It has been some time since I have thought about proofs. I was hoping someone could help me check my logic. Here is a question I am trying to solve:
Consider a simple two-layer, single-hidden-node network with identify activation, $f(x) = w_2 w_1 x$. For a training set $\{(x_i, y_i)\}_{i=1, \ldots, N}$. Let's take the mean squared loss and setup
$$L(w_1, w_2) = \dfrac{1}{N}\sum_{i=1}^N (y_i - f(x_i))^2$$
Prove $L$ is non-convex through contradiction.

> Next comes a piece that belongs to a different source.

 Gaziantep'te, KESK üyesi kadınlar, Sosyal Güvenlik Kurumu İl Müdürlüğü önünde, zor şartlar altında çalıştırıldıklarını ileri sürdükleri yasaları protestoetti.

I am given for any $(w_1, w_2)$, $L(w_1, w_2) = L(-w_1, -w_2)$. Also, if a particular pair $(w_1^*, w_2^*)$ is a global minimizer of $L$, what can we say about $(0, 0)$.
Attempt @ Solution
Suppose $L$ is a convex function and let $\textbf{w}^* = (w_1^*, w_2^*)$ be a global minimizer of the function. Then by definition for all $0 \leq t \leq 1$ and for all $w_1, w_2$ we have
$$L(tw_1 + (1-t)w_2) < tL(w_1) + (1 - t)L(w_2)$$
This condition requires that the straight line between any pair of points on the curve of $L$ be above or just meets the graph at the global minimum. Also, $L(\textbf{w}^*) < L(\textbf{w})$ for all $\textbf{w}$ because it is a global minimizer.

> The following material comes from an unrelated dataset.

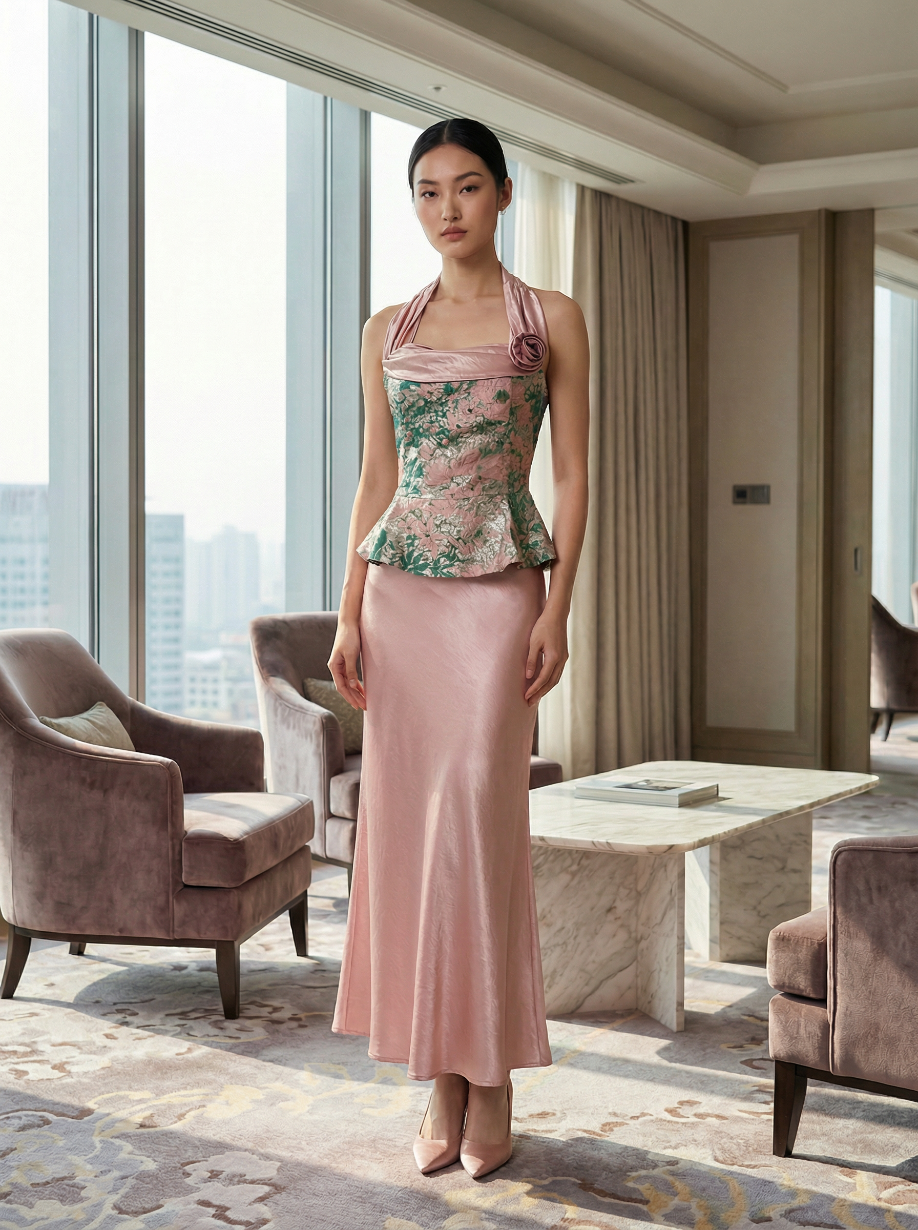 挂脖围巾领抹胸上衣 + A字高腰半身裙 ![❤]()

$$ L(0, 0) = L(w_1^*, w_2^*) - L(-w_1^*, -w_2^*), $$ which implies that the point $(0, 0)$ lies on the segment connecting these two points which is a contradiction to $L$ being convex. Also, $L$ being convex would mean $(w_1^*, w_2^*) = (0, 0)$ which would be a zero weight neural network and would never learn anything.

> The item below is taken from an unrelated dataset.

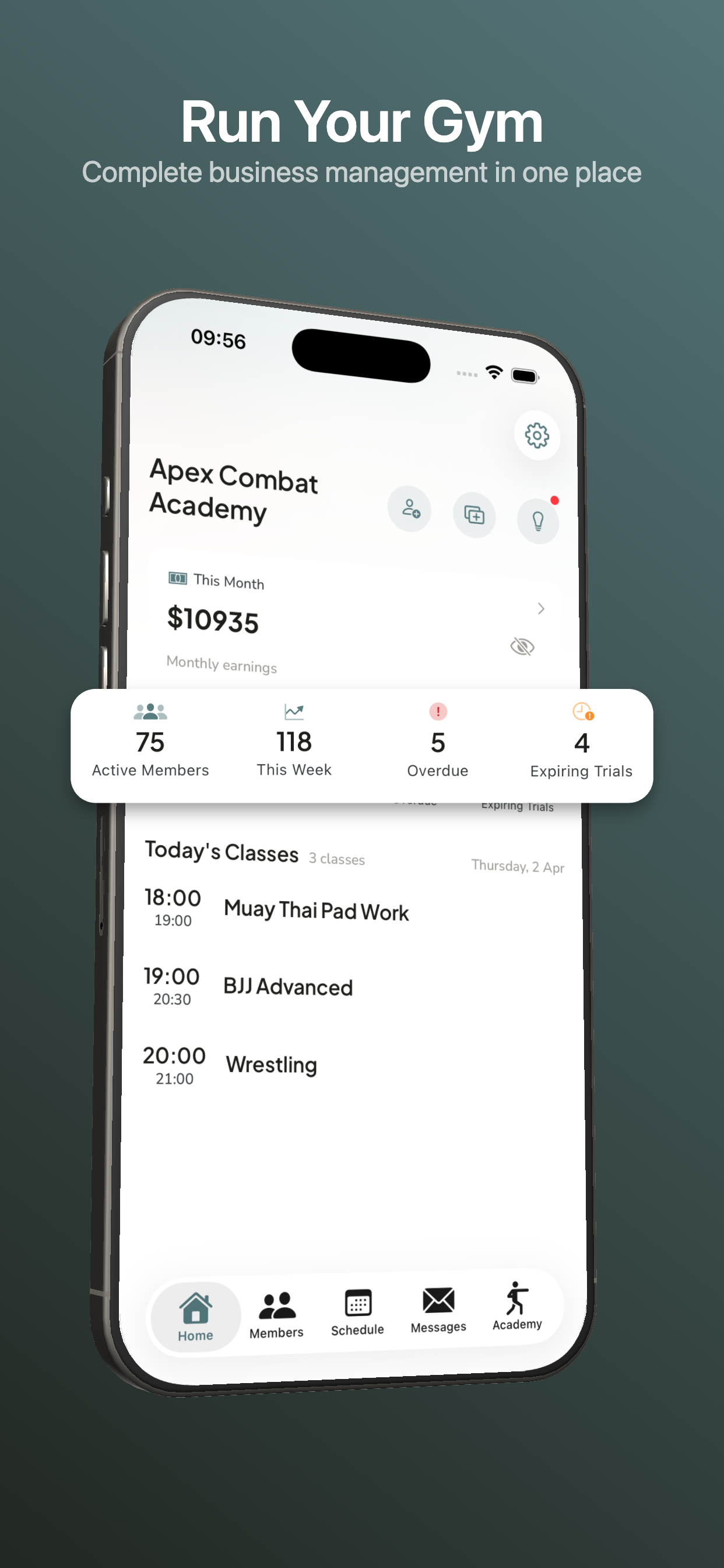 Members, schedules, attendance, billing — the management app for martial arts academies, CrossFit boxes, and yoga studios.

Thank you in advance for any insights!
$\def\T{^\mathrm{T}}\def\paren#1{\left(#1\right)}$The major issue in your attempt is conflating the two parts of the question, i.e. disproving convexity and studying $L(0, 0)$. Apart from this, there are a few minor issues:
Part 1
The deduction below omits the factor $\dfrac{1}{N}$ in front of $L$. Suppose $L$ is convex, then for any $w_1$ and $w_2$,$$ L(w_1, w_2) = \frac{1}{2} (L(w_1, w_2) + L(-w_1, -w_2)) \geqslant L(0, 0), $$ i.e.$$ \sum_{k = 1}^n (y_k - w_1 w_2 x_k)^2 \geqslant \sum_{k = 1}^n y_k^2. $$
Case 1: $\sum\limits_{k = 1}^n x_k y_k \neq 0$. Choose $w_1 = \dfrac{\sum\limits_{k = 1}^n x_k y_k}{2\sum\limits_{k = 1}^n x_k^2}$ and $w_2 = 1$, then$$ w_1^2 w_2^2 \sum_{k = 1}^n x_k^2 < 2w_1 w_2 \sum_{k = 1}^n x_k y_k \implies \sum_{k = 1}^n (y_k - w_1 w_2 x_k)^2 < \sum_{k = 1}^n y_k^2, $$ a contradiction.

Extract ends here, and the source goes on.